RESTful API Design Best Practices (Principles)

Dilanka Muthukumarana
7 min readJun 28, 2019

--

Modern day in software development, design and architectural discussions, the most common topic is this RESTful APIs which has more benefits compared to other concepts. With a few reads of the web articles, I thought to share my knowledge and experience of designing/developing RESTful API design.
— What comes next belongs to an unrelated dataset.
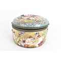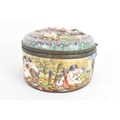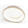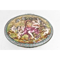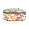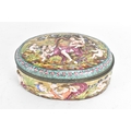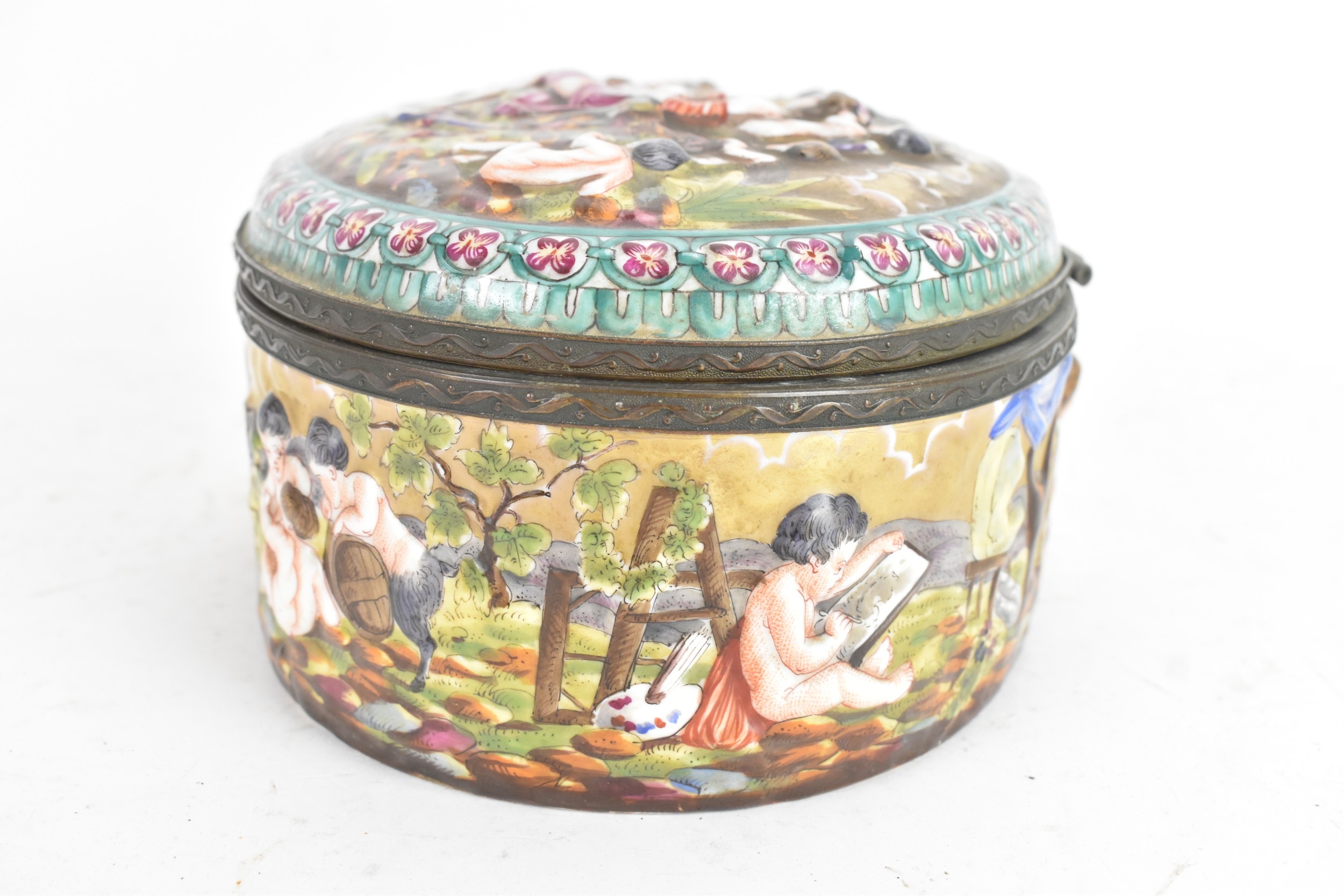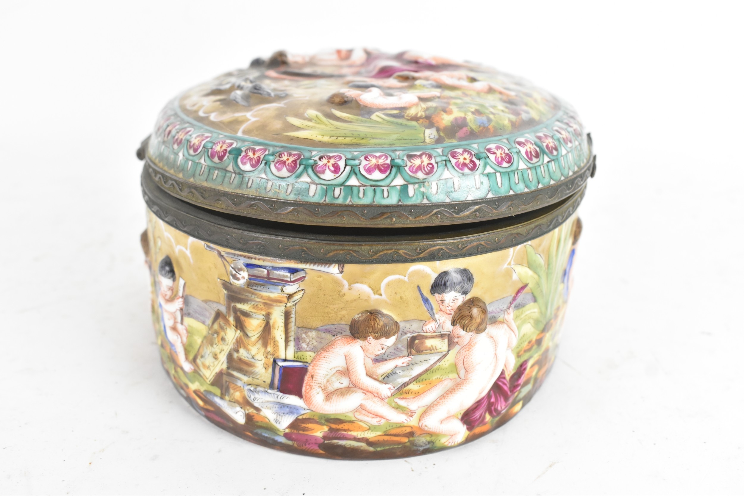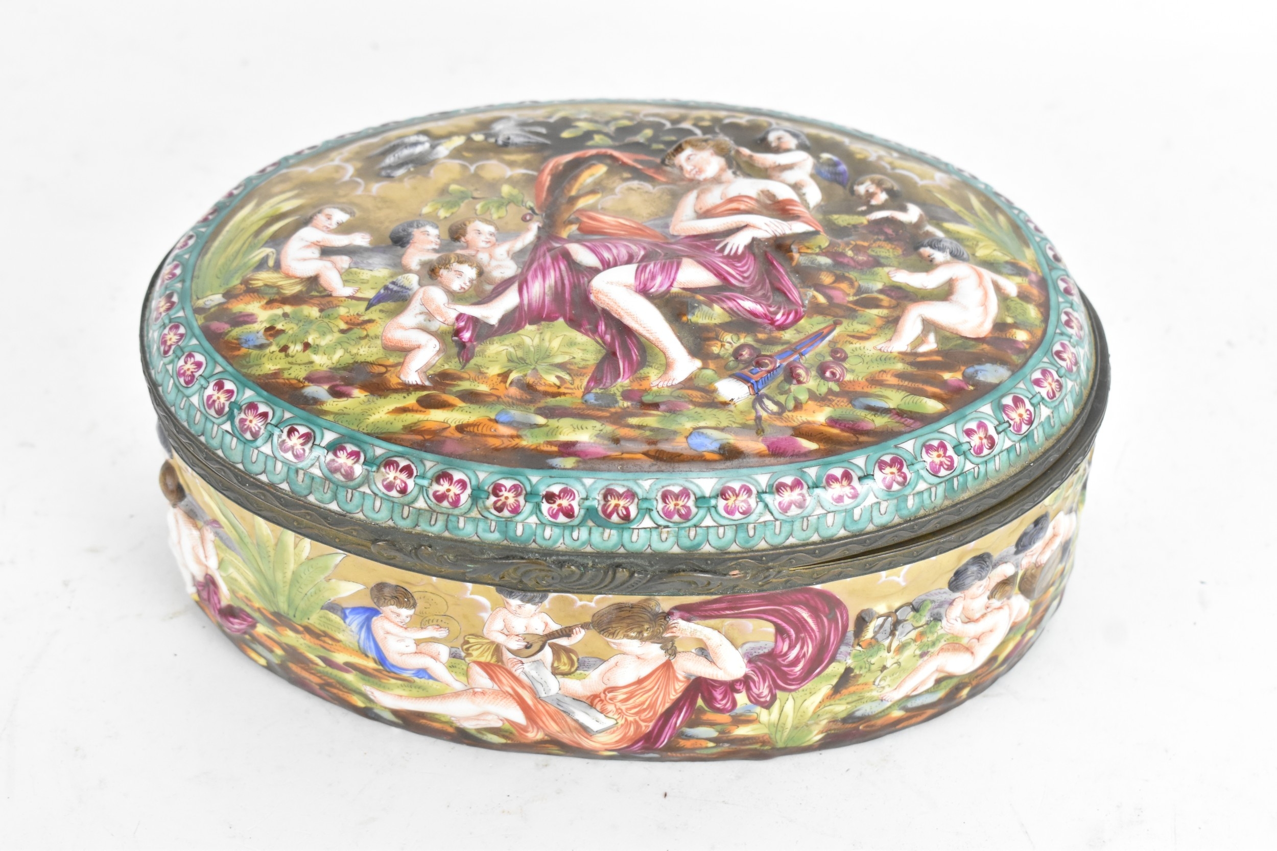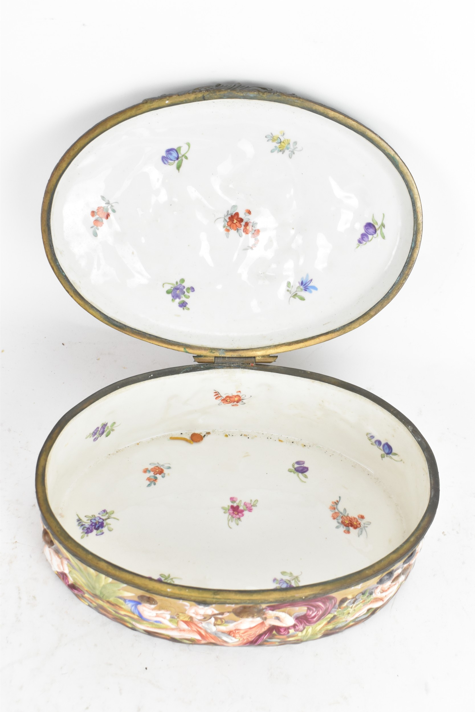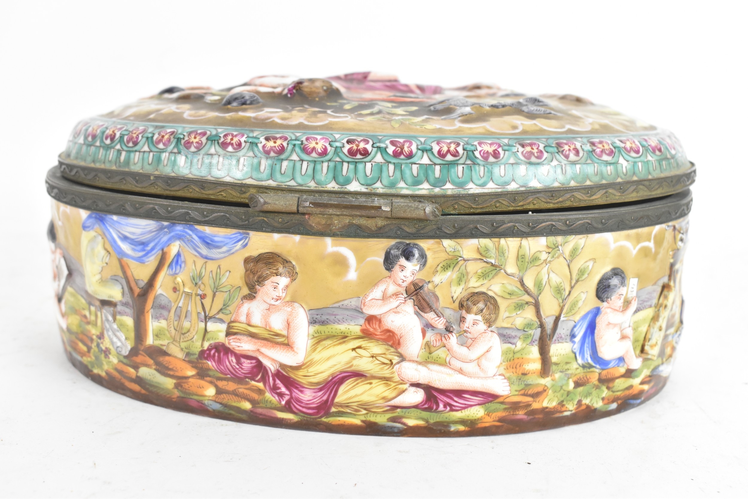 A late 19th/early 20th century Capodimonte porcelain and metal-mounted oval casket, the domed lid and sides enamelled in polychrome with classical figures and putti in a wooded landscape, within a foliate metal mount, the interior decorated with scattered floral sprigs, the base with a blue crowned ‘N’ mark, 11.5cm high x 25cm wide

Let's talk about the benefits of the REST over other concepts such as SOAP.

  • Simplicity to build and adapt.
  • Low resource usage.
  • Explicit processes or process instance.
  • The client does not need to manage routing information, only initial URI enough.
  • The client can depend on only a generic listener interface.
  • REST allows various data formats.
  • High-performance gain over SOAP. (faster and less bandwidth usage).
  • Comply with HTTP protocols.

And there are so many advantages and disadvantages as well over the monolithic application concepts.

Modern software designs are mostly tight with microservices and RESTful implementations. What is this? and why?

Note: REST — (Representational State Transfer)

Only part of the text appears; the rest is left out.